A 5.0×101 kg sample of water absorbs 333 kJ of heat.
If the water was initially at 23.1 ∘C, what is its final temperature?
q = mass H2O x specific heat H2O x (Tfinal-Tinitial).
mass is 50 kg. Chane to g.
q = 333 kJ. Change to J.
Substitute into the equatiion and solve for Tfinal.
Specific heat H2O should be in units of J/g*C which is 4.184 J/g*C
Post your work if you get stuck.
To find the final temperature of the water, we need to use the equation:
Q = mcΔT
Where:
Q = heat absorbed or released by the substance (in joules)
m = mass of the substance (in kg)
c = specific heat capacity of the substance (in J/kg°C)
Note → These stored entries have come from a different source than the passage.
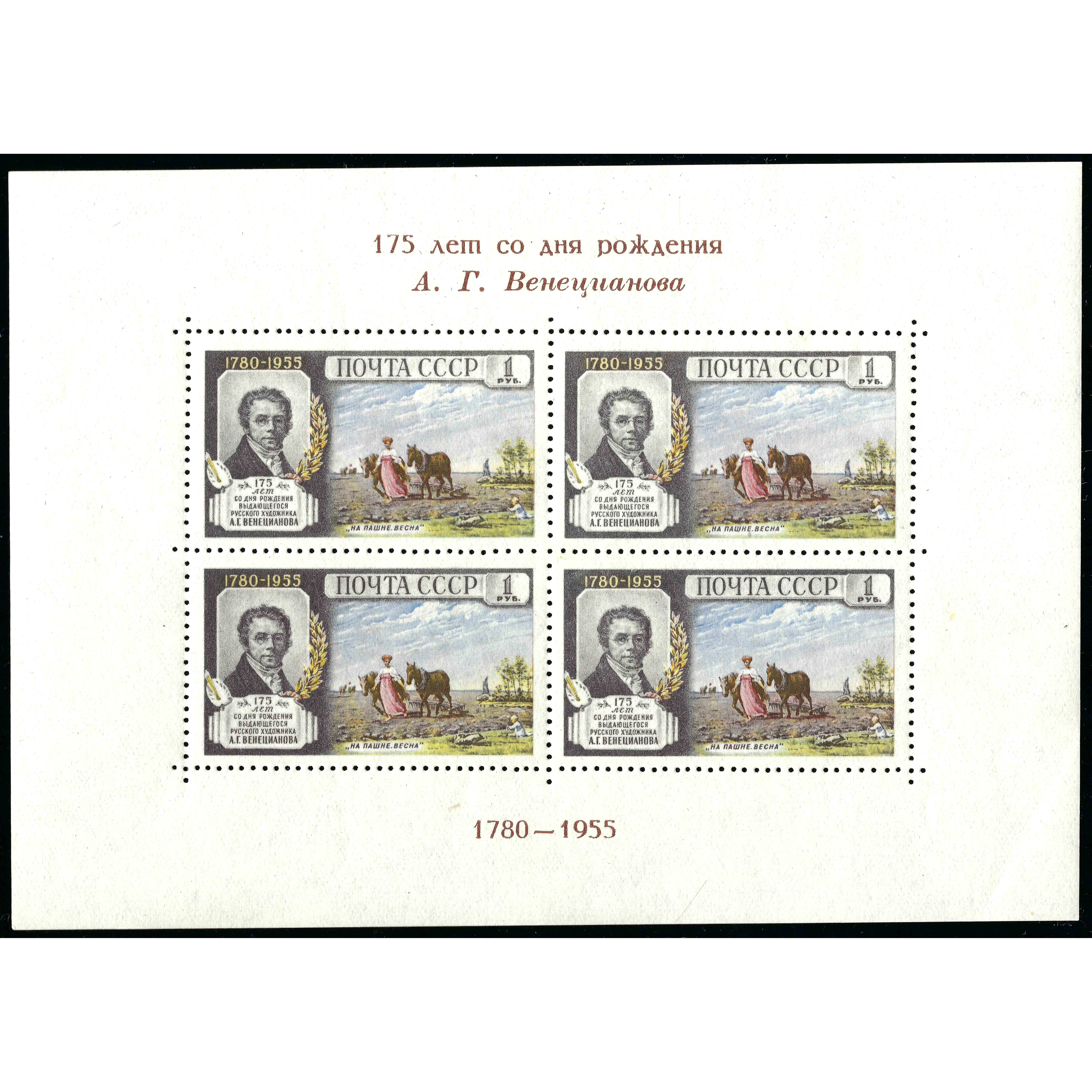 1955, PSRS, 1Rub, Solovjovs #1842 / Michel Block 14, Fototipija, Bez zīmoga, P12.5:12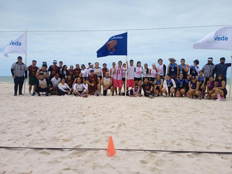 Celestún, Yucatán, 6 de febrero de 2023.- Con motivo del Festival de la Veda, que promueve el Gobernador Mauricio Vila Dosal en los municipios costeros de Yucatán, para apoyar a sus habitantes durante la restricción de captura del mero, el Instituto del Deporte del Estado (IDEY) realizó torneos de tochito bandera y fútbol playero, en Celestún.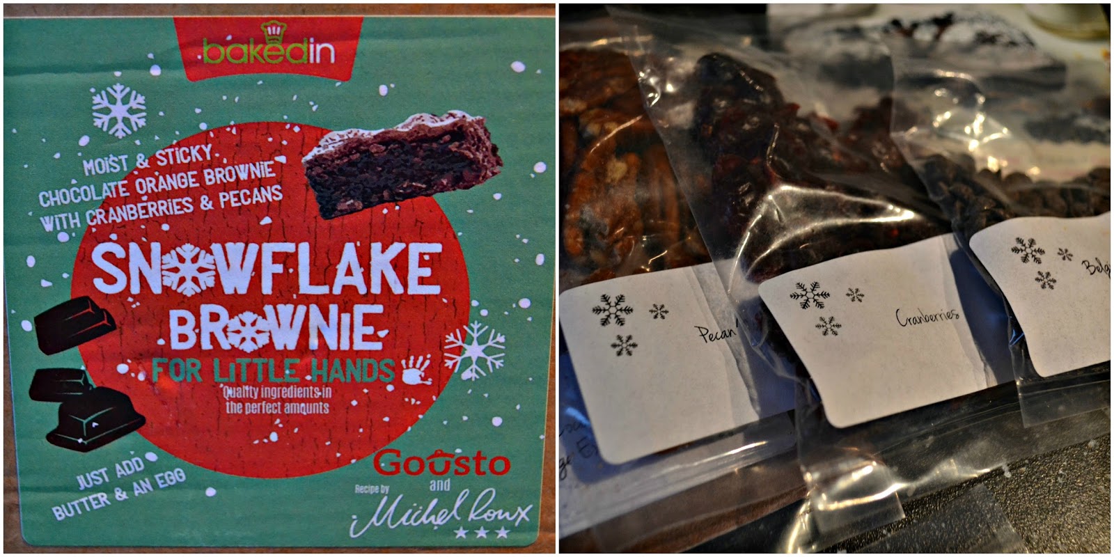 The recipe for the brownie was created by two star Michelin chef, Michel Roux and contains a simple kit with each ingredient weighed out into a little bag. The only additional items the snowflake brownies requires is an egg and 60g of butter, it even comes with it's own disposable baking tray and grease proof paper. It's such a great idea and meant my stress levels were dramatically reduced!
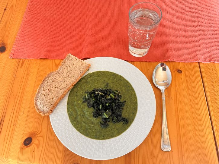 Eine Suppe aus den Stielen und Blattachsen vom Federkohl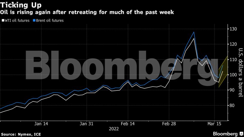 Το πετρέλαιο ανέβηκε πάνω από τα 100 δολάρια το βαρέλι καθώς η Ρωσία αμφισβητεί την πρόοδο των ειρηνευτικών συνομιλιών με την Ουκρανία.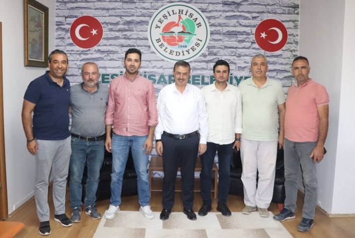 Arazi Toplulaştırma Şube Müdürü Özkan Baran ve beraberindeki teknik ekip Yeşilhisar Belediye Başkanı Sayın Halit TAŞYAPAN’ı makamında ziyaret ederek Yeşilhisar ovasında yapımı devam eden Arazi Toplulaştırma Projesi inşaat işleri hakkında bilgilendirme yapılarak, yapılacak işler konusunda görüş alışverişinde bulunulmuştur.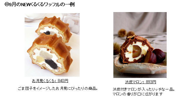 9月のNEWくるくるワッフルは、栗を使用したものや、お月見をイメージしたものなど季節感満載!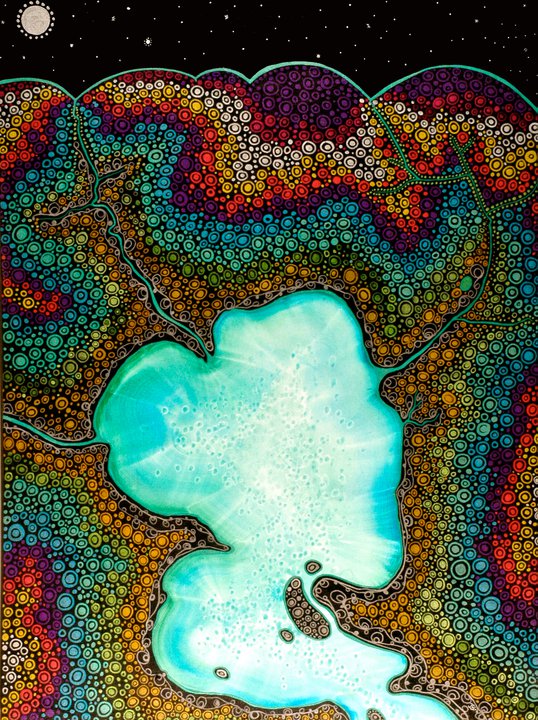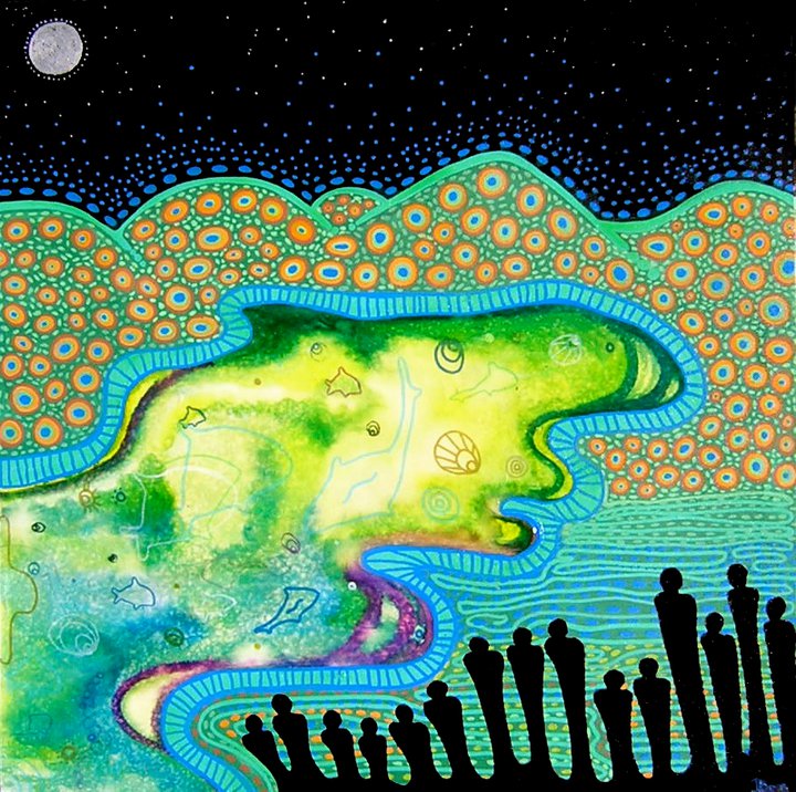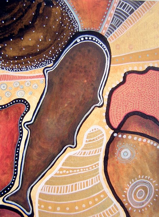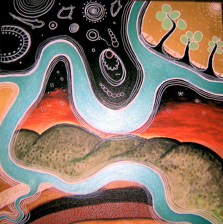 Says Jessica, "This understanding of country allows for a two-way communication to evolve, between those belonging and the country to which they belong. Country is spoken to, sung to, loved and mourned, just as if were a family member. This personification of the landscape allows a more personal interpretation of what lies in it; everything then has a purpose and a story to tell, from the colours of the landscape right down to the stones within it."

ΔT = change in temperature (in °C)
In this case, we're given:
Q = 333 kJ = 333,000 J
m = 5.0 × 10^1 kg
c = specific heat capacity of water = 4.18 kJ/kg°C = 4,180 J/kg°C
ΔT = final temperature - initial temperature
We want to find the final temperature, so we rearrange the equation:
ΔT = Q / (mc)
Now we can substitute the given values:
ΔT = 333,000 J / (5.0 × 10^1 kg * 4,180 J/kg°C)
Calculating the right side of the equation yields:
ΔT ≈ 15.9 °C
Finally, we add the change in temperature to the initial temperature to find the final temperature:
Final temperature = Initial temperature + ΔT
Final temperature ≈ 23.1 °C + 15.9 °C
Final temperature ≈ 39.0 °C
Therefore, the final temperature of the water is approximately 39.0 °C.